Trying to avoid the third presidential debate, I decided to watch a press screener of Fox TV’s version of The Rocky Horror Picture Show last night, thinking camp would be the perfect antidote to Trump. After all, the material has comforted and celebrated marginalized people in their struggle against implicit Republicans for more than 40 years. (The stage version premiered in London in 1973.) That it never made much sense seemed immaterial; its songs and story were always secondary to its electric, transgressive spirit, and that of its audience. Unfortunately, in this embalmed remake, neither was much in evidence: There was no live audience, of course, and no electricity, either.

You can’t blame the adaptation; the producers used the original version verbatim. It is still the story of the newly affianced young Brad and Janet seeking shelter during a thunderstorm in the castle of one Frank N. Furter, a “sweet transvestite from Transexual, Transylvania.” I won’t bother to revisit the throw-everything-at-the-wall-and-see-what-sticks specifics, but the gist of the story is that the square couple gets sexually radicalized by exposure to their host’s sci-fi punk ménage, including Rocky Horror himself, a buff monster created with half a brain leftover from a previous experiment that failed. The Nike-ad-ready theme is “Don’t dream it, be it” — a gassy nostrum under the best of circumstances and dead flat in these.

Those circumstances include a mystifyingly slow pace, filled with weird longueurs and anticlimaxes. (You would think that The Rocky Horror Picture Show, of all musicals, would be pro-climax.) The director, Kenny Ortega, known for the High School Musical trilogy, seems to think that by mixing overbusy sequences with others that have almost no content or momentum he can achieve a nice average. That didn’t work; I found myself alternately falling asleep and squinting at the visual mess. (If you ever wondered whether you could get too much of the theatrical costuming genius William Ivey Long, the answer is yes.) And though Laverne Cox, as Frank N. Furter, brought some amusing intonations and an undeniable queer spark to the proceedings — she is transgender — most of the cast, drawn from film and television, could not sell the material, especially the songs, no matter how much electronic help was provided. Only Annaleigh Ashford, a stage creature, managed to sound, as the groupie Columbia, the least bit alive.

The production’s intentions were good enough, I suppose. Hiring Tim Curry — the original Frank N. Furter in London, on Broadway, and in the 1975 movie — to play the narrator was a fitting touch, though the effects of his 2012 stroke are still obvious. A hat tip to the tradition of audience participation that turned the movie into a midnight-show cult was another good idea, if carried out poorly.
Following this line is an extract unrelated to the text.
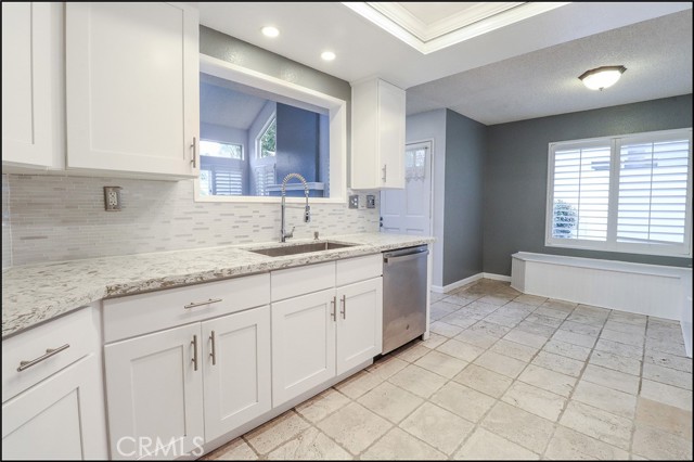 SPECTACULAR END UNIT LOCATION WITH A HUGE WRAP AROUND YARD PERFECTLY LOCATED WITH AMAZING VIEWS OF THE PARK AND A SPACIOUS FLOOR PLAN! Exceptional property offering a uniques end unit two story townhouse style floor plan with large living and dinging room, fireplace and two story ceilings in the living areas with large window to pour in plenty of natural light. Kitchen has been upgraded with white cabinets, stone countertops, designer backsplash, stainless steel appliances including refrigerator, contemporary style sink, designer faucet, recessed lighting and opens to the dining room with custom built-in cabinets, seats and drawers. There is also a large powder room, direct access to the attached garage and sliding door access to the large and inviting back yard. Second story offering a spacious master suite with vaulted ceilings, large closet and bathroom featuring a large vanity with stone countertop, walk-in shower and upgraded fixtures. Second bedroom overlooking the large yard and amazing views of the park and second full bathroom at hallway with upgraded vanity, designer mirror and upgraded fixtures. Huge wrap around yard with lawn area, planters with tropical landscaping, large patio are with cover and an amazing view of park and greenbelts. Resort style community pool, spa, clubhouse, tennis, sports courts, highly sought after schools, excellent proximity to Aliso Viejo Town Center, easy toll road (73) and beach access (via 133) and nearby hiking, biking and nature trails!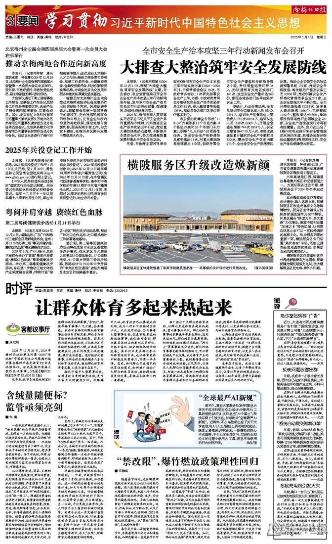 2024年,梅州市深入贯彻落实习近平总书记关于安全生产系列重要指示精神,扎实推进安全生产治本攻坚三年行动,推动重大事故隐患动态清零,不断提升本质安全水平,努力推进高质量发展和高水平安全良性互动。

But mostly this was a brainless, or half-brainless, addition to the roster of recent television musical remakes, worse in some ways than the others because the material itself is so thin. It would have needed an exceptionally professional production to work. Though camp at its best flirts with amateurism, and even failure, this production does more than flirt; it pretty much goes all the way to disaster. I might as well have watched the debate.

The Rocky Horror Picture Show: Let’s Do the Time Warp Again is on Fox TV tonight at 8 p.m.